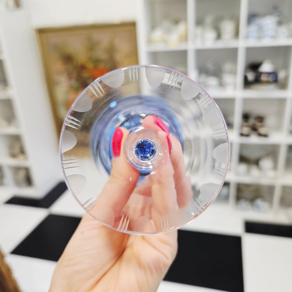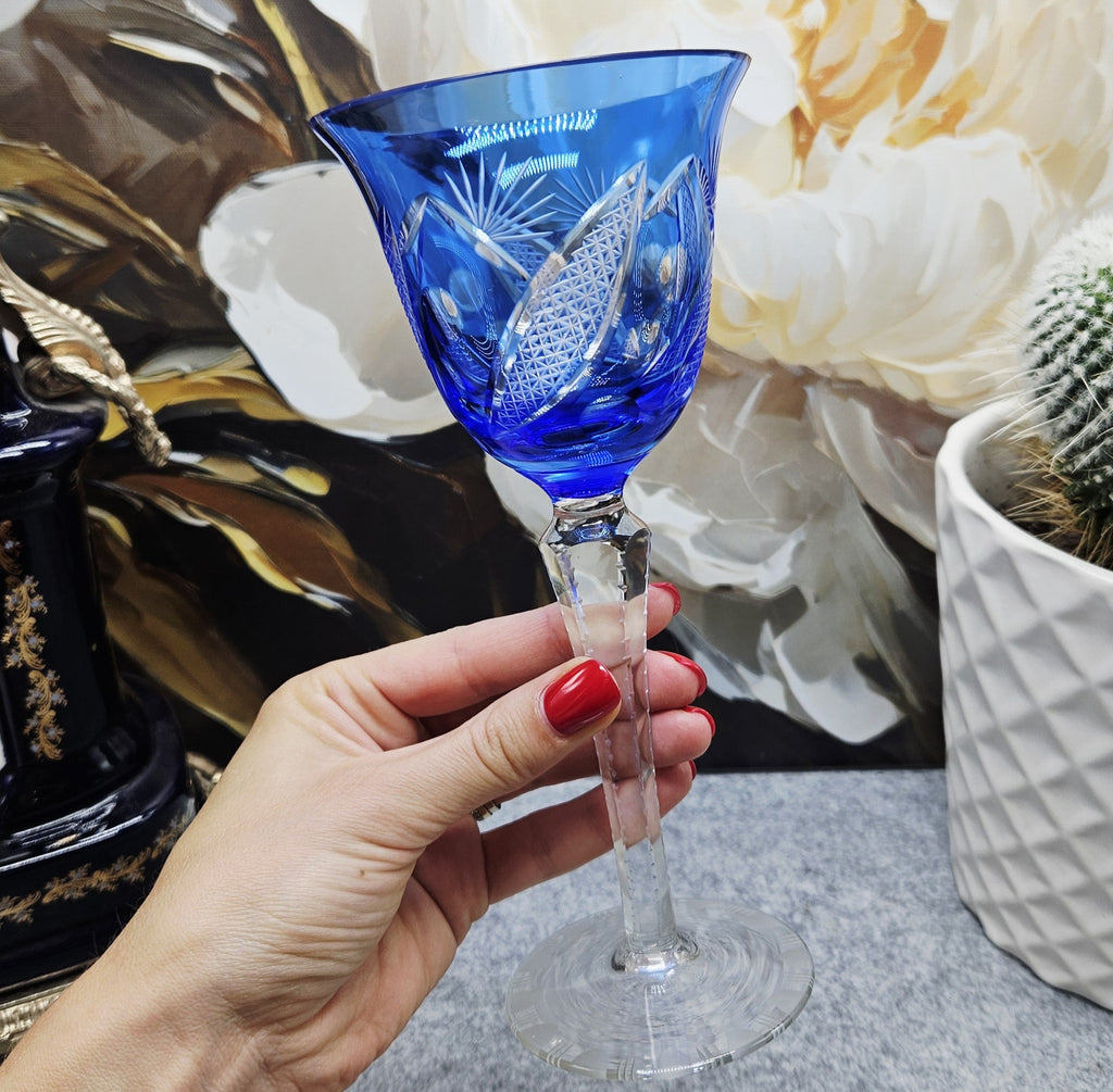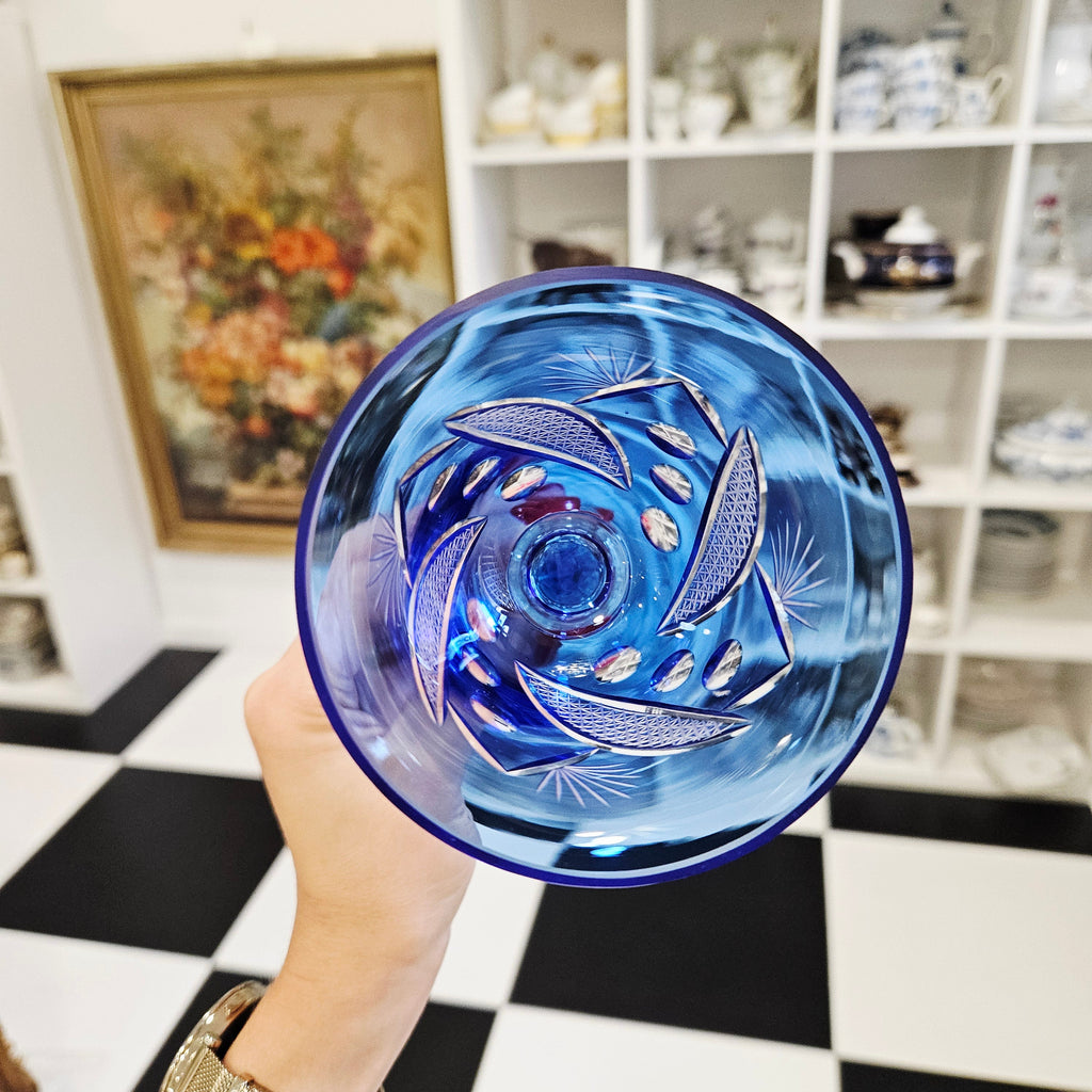 1Stück. Eleganter handgeschnitzter blauer tulpenförmiger Kristallkelch – meinantik.de
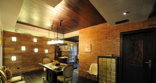 在二人世界里,點(diǎn)亮浪漫而小資的餐桌吊燈,相對(duì)而坐進(jìn)餐想想是不是都非常浪漫?在這個(gè)餐廳木地板裝修效果圖中,將餐廳設(shè)計(jì)得時(shí)尚而浪漫,采用自然而質(zhì)樸的墻面的同時(shí),在墻面上安裝幾個(gè)壁燈,在餐桌上放設(shè)計(jì)1個(gè)吊燈,燈光一亮,整個(gè)空間爛漫而溫馨,黑色木地板的鋪設(shè)則為空間增添了時(shí)尚與個(gè)性。
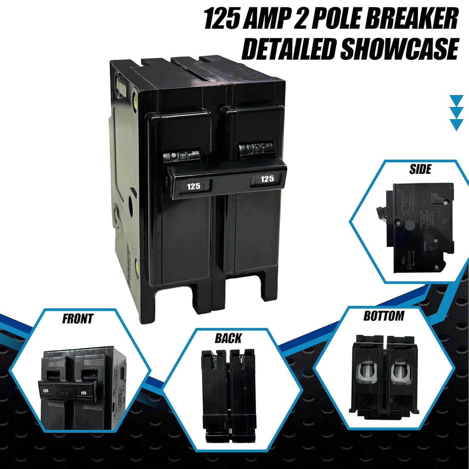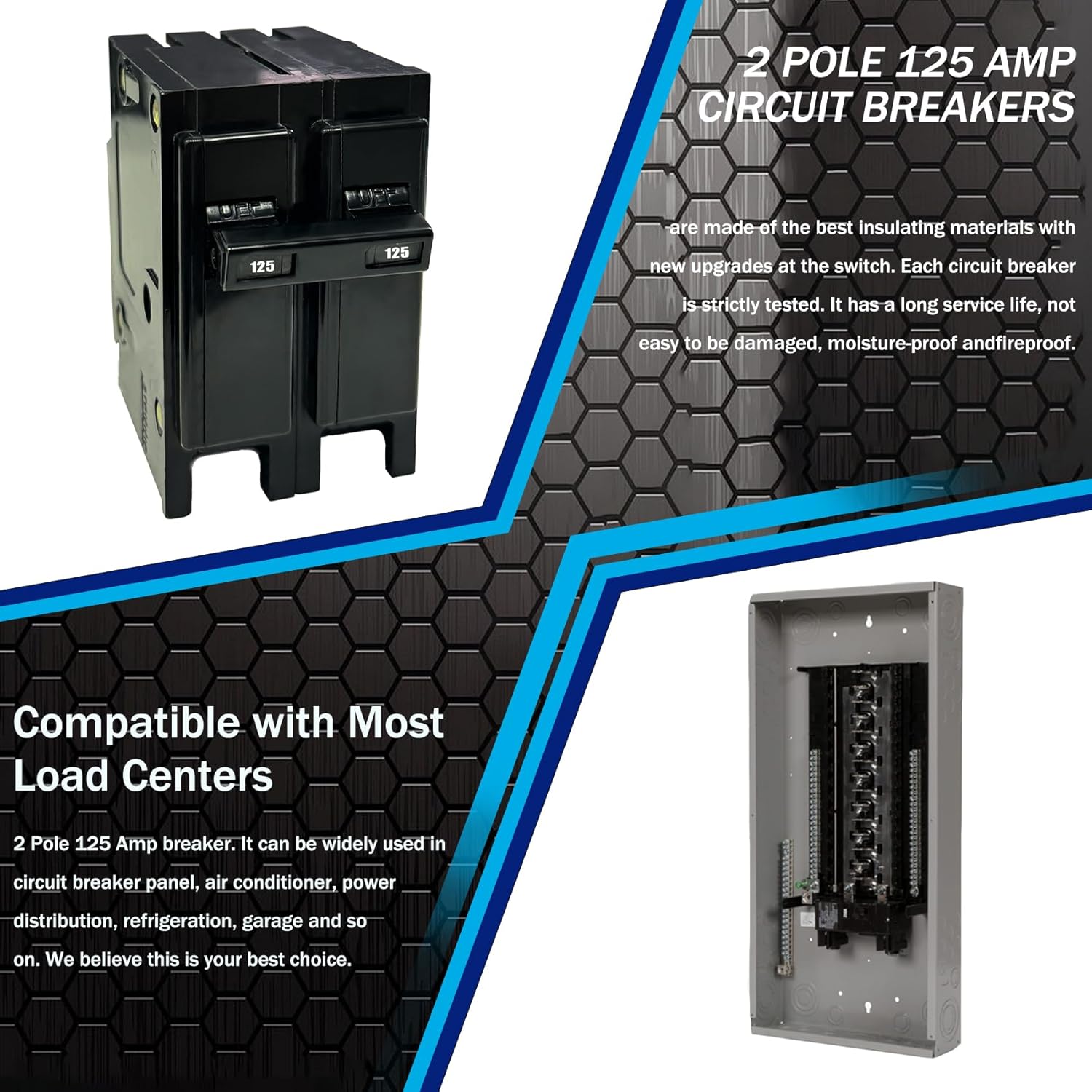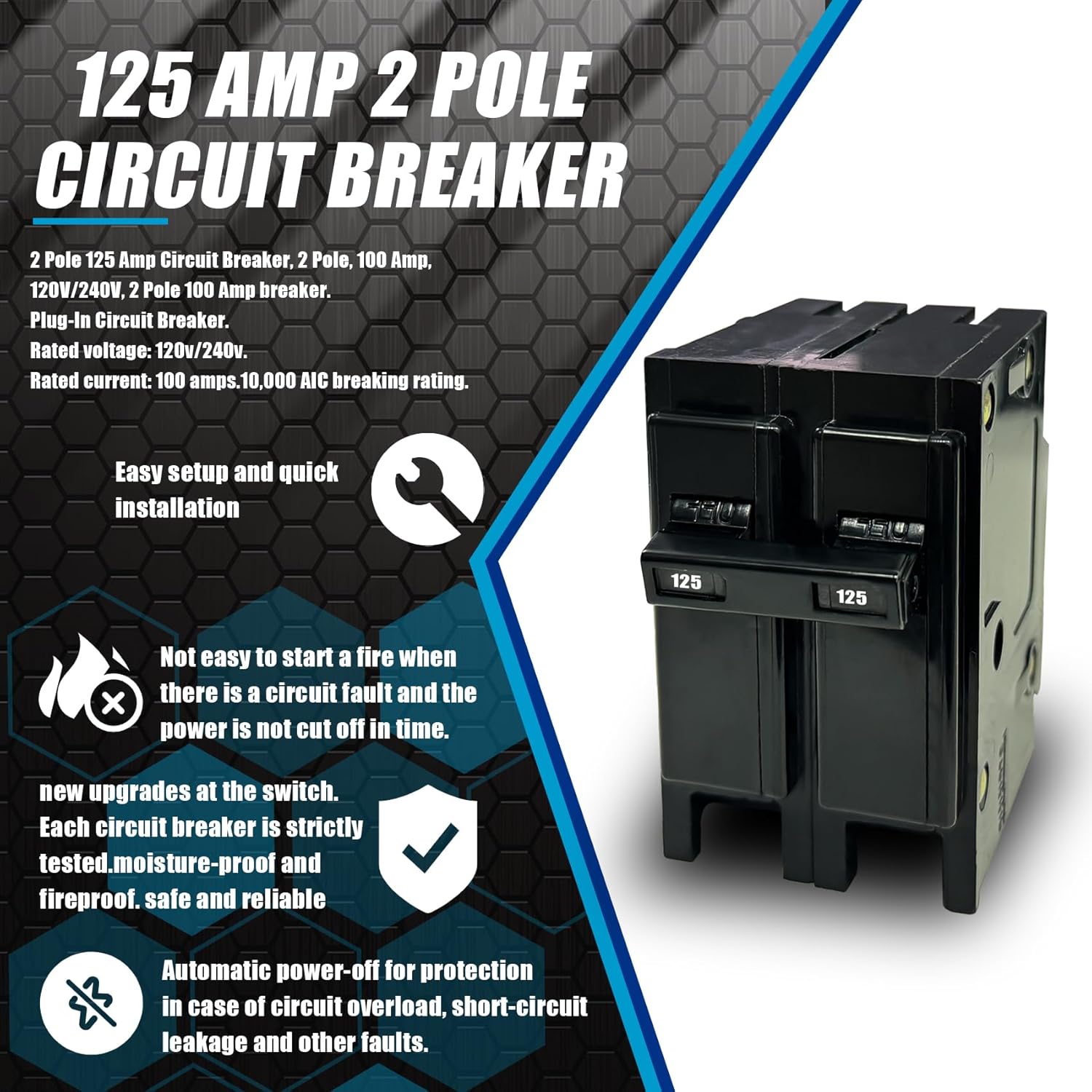 TOP QUALITY: Our 2 Pole 125 Amp circuit breakers are made of the best insulating materials with new upgrades at the switch. Each circuit breaker is strictly tested. It has a long service life, not easy to be damaged, moisture-proof and fireproof. We believe this is the last time you will replace your circuit breaker.
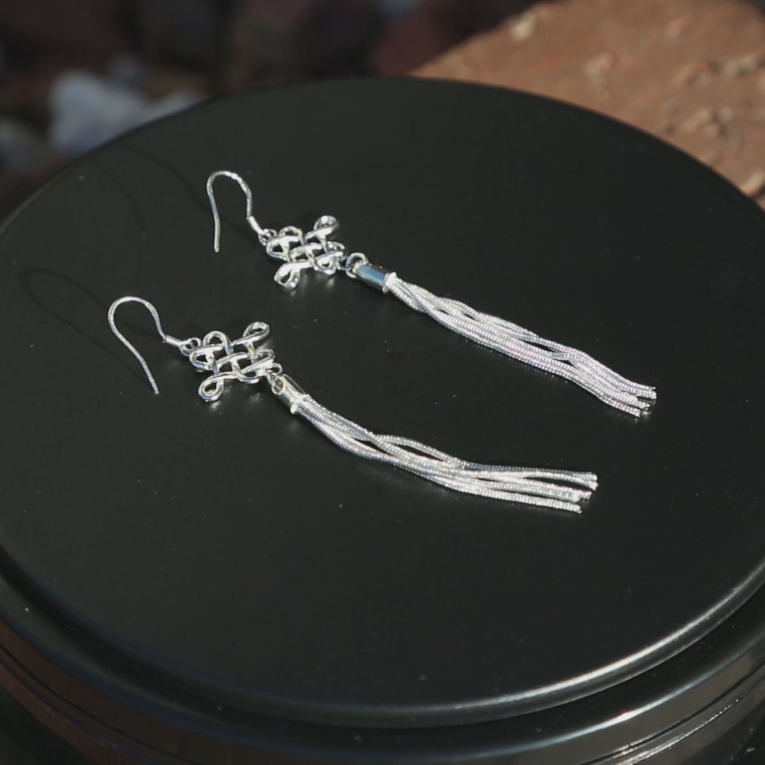 Chinese Lucky Knot Boho Chic Dangle and Drop Silver Earrings (R)
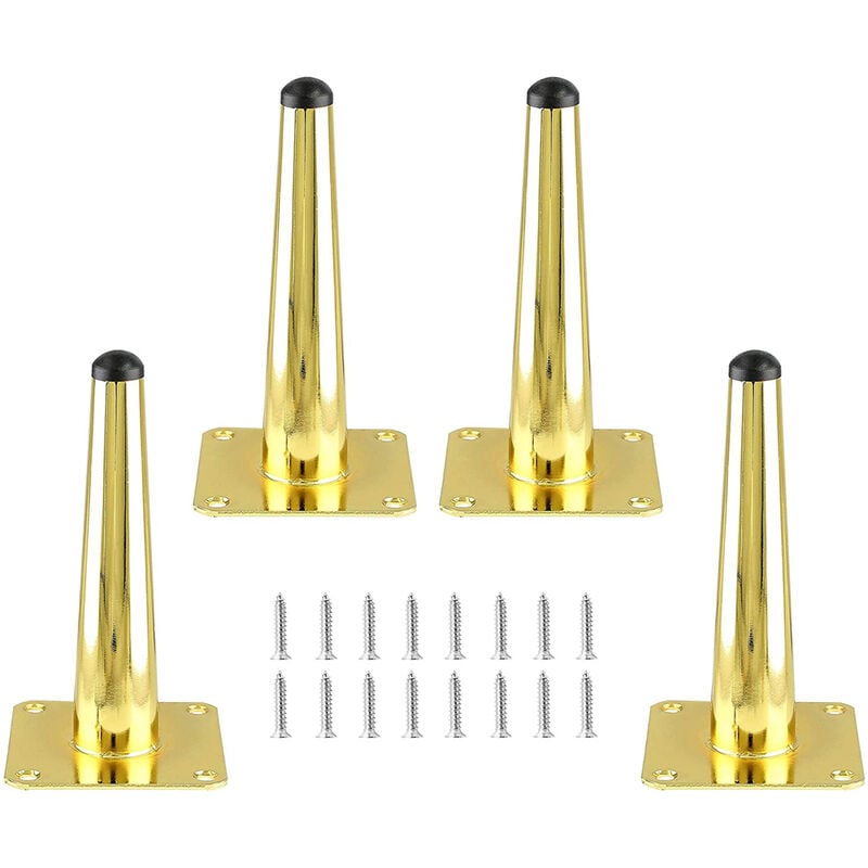 Contenuto della confezione: 4 gambe affusolate per mobili e 16 viti sono incluse nella confezione. L'altezza di ciascuno è di 15 cm e la dimensione della piastra di montaggio è di 8×8 cm. Alta qualità: Questa gamba per mobili è realizzata in ferro di alta qualità. La superficie è verniciata, antiruggine, resistente e facile da pulire. Design antiscivolo: I cuscinetti rotondi in gomma antiscivolo sono posizionati sotto le gambe del mobile. Può prevenire efficacemente di graffiare il pavimento o fare rumore durante lo spostamento. Facile da installare: Questa nostra gamba da tavolo ha un design monoblocco. Ti aiuta a sostituire le gambe dei mobili in modo facile e veloce. Ampiamente usato: La finitura oro può essere facilmente integrata in diversi stili di interni. Può essere utilizzato per mobili come armadi, sedie o letti.

* * *

* _GOAL OF THE EXERCISE_: Each line in the records above should be reproduced exactly; images are not copied.

* _ANSWER TO THE EXERCISE_:
 1Stück. Eleganter handgeschnitzter blauer tulpenförmiger Kristallkelch – meinantik.de
 在二人世界里,點(diǎn)亮浪漫而小資的餐桌吊燈,相對(duì)而坐進(jìn)餐想想是不是都非常浪漫?在這個(gè)餐廳木地板裝修效果圖中,將餐廳設(shè)計(jì)得時(shí)尚而浪漫,采用自然而質(zhì)樸的墻面的同時(shí),在墻面上安裝幾個(gè)壁燈,在餐桌上放設(shè)計(jì)1個(gè)吊燈,燈光一亮,整個(gè)空間爛漫而溫馨,黑色木地板的鋪設(shè)則為空間增添了時(shí)尚與個(gè)性。
 TOP QUALITY: Our 2 Pole 125 Amp circuit breakers are made of the best insulating materials with new upgrades at the switch. Each circuit breaker is strictly tested. It has a long service life, not easy to be damaged, moisture-proof and fireproof. We believe this is the last time you will replace your circuit breaker.
 Chinese Lucky Knot Boho Chic Dangle and Drop Silver Earrings (R)
 Contenuto della confezione: 4 gambe affusolate per mobili e 16 viti sono incluse nella confezione. L'altezza di ciascuno è di 15 cm e la dimensione della piastra di montaggio è di 8×8 cm. Alta qualità: Questa gamba per mobili è realizzata in ferro di alta qualità. La superficie è verniciata, antiruggine, resistente e facile da pulire. Design antiscivolo: I cuscinetti rotondi in gomma antiscivolo sono posizionati sotto le gambe del mobile. Può prevenire efficacemente di graffiare il pavimento o fare rumore durante lo spostamento. Facile da installare: Questa nostra gamba da tavolo ha un design monoblocco. Ti aiuta a sostituire le gambe dei mobili in modo facile e veloce. Ampiamente usato: La finitura oro può essere facilmente integrata in diversi stili di interni. Può essere utilizzato per mobili come armadi, sedie o letti.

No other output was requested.